Haliax was created by [Stanford's Center for Research on Foundation Models (CRFM)](https://crfm.stanford.edu/)'s research engineering team.
You can find us in the #levanter channel on the unofficial [Jax LLM Discord](https://discord.gg/FkRGNX3ND).

<!--haliax-intro-end-->

## Documentation

### Tutorials

These are some tutorials to get you started with Haliax. They are available as Colab notebooks:

<!--haliax-tutorials-start-->

* [Introduction to Haliax with Transformers](https://colab.research.google.com/drive/1TiTcQQ4V5mopbgCu1SVl-oqJtXn7rFnC)
* [Distributed Training in Haliax](https://colab.research.google.com/drive/1QX4yH3zRFF3Xiibf1aahETcSQ5nbcUMz) (including FSDP)
* [Tensor Parallelism in Haliax](https://colab.research.google.com/drive/18_BrtDpe1lu89M4T6fKzda8DdSLtFJhi)
* [Mixed Precision with `jmp`](https://colab.research.google.com/drive/1_4cikwt-UhSH7yRzNRK8ze9msM9r2mEl?usp=sharing) (This one is really a tutorial for [jmp](https://github.com/deepmind/jmp) but it's how to use it with Haliax...)
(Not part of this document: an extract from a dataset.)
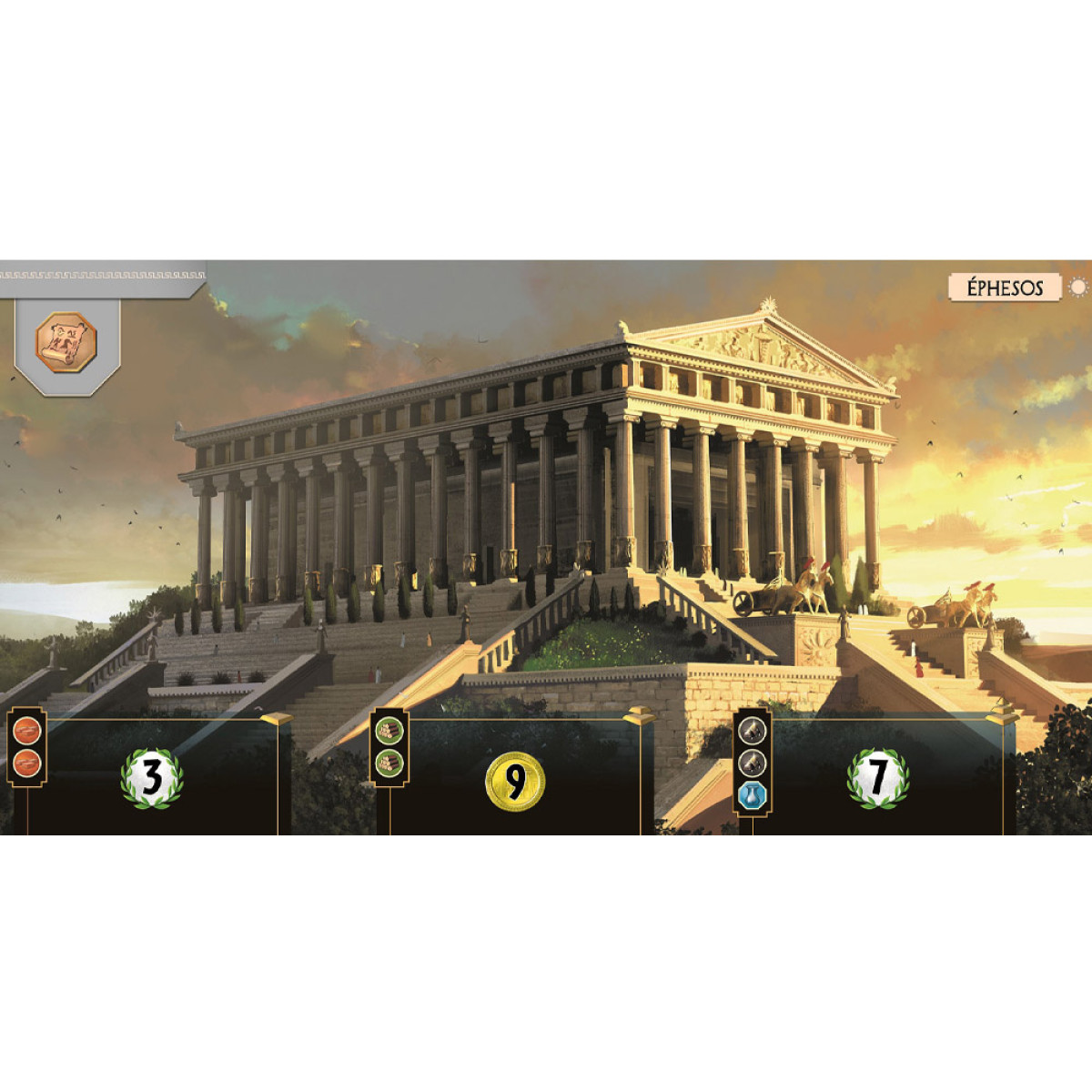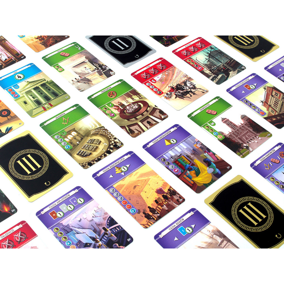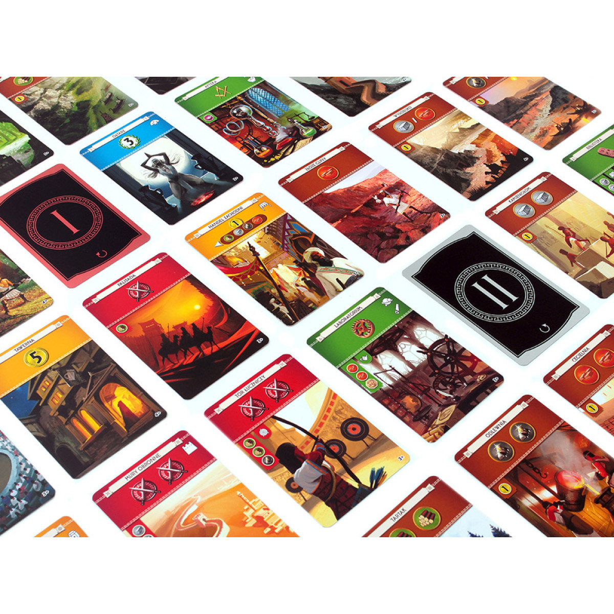 - Mängijad valivad kaarte, millel on erinevad funktsioonid, näiteks ressursid (puit, kivi, savi, kuld), tsiviilhooned, sõjalised hooned, kaubanduslikud hooned, teaduslikud hooned. Need annavad punkte, suurendavad sõjalist jõudu, võimaldavad saada ressursse teistelt mängijatelt või aitavad kaasa mängu lõpupunktidele.

<!--haliax-tutorials-end-->
### API Reference

Haliax's API documentation is available at [haliax.readthedocs.io](https://haliax.readthedocs.io/en/latest/).

## Contributing

We welcome contributions! Please see [CONTRIBUTING.md](CONTRIBUTING.md) for more information.
We also have a list of [good first issues](https://github.com/stanford-crfm/haliax/issues?q=is%3Aissue+is%3Aopen+label%3A%22good+first+issue%22)
to help you get started. (If those don't appeal, don't hesitate to reach out to us on Discord!)

## License

Haliax is licensed under the Apache License, Version 2.0. See [LICENSE](LICENSE) for the full license text.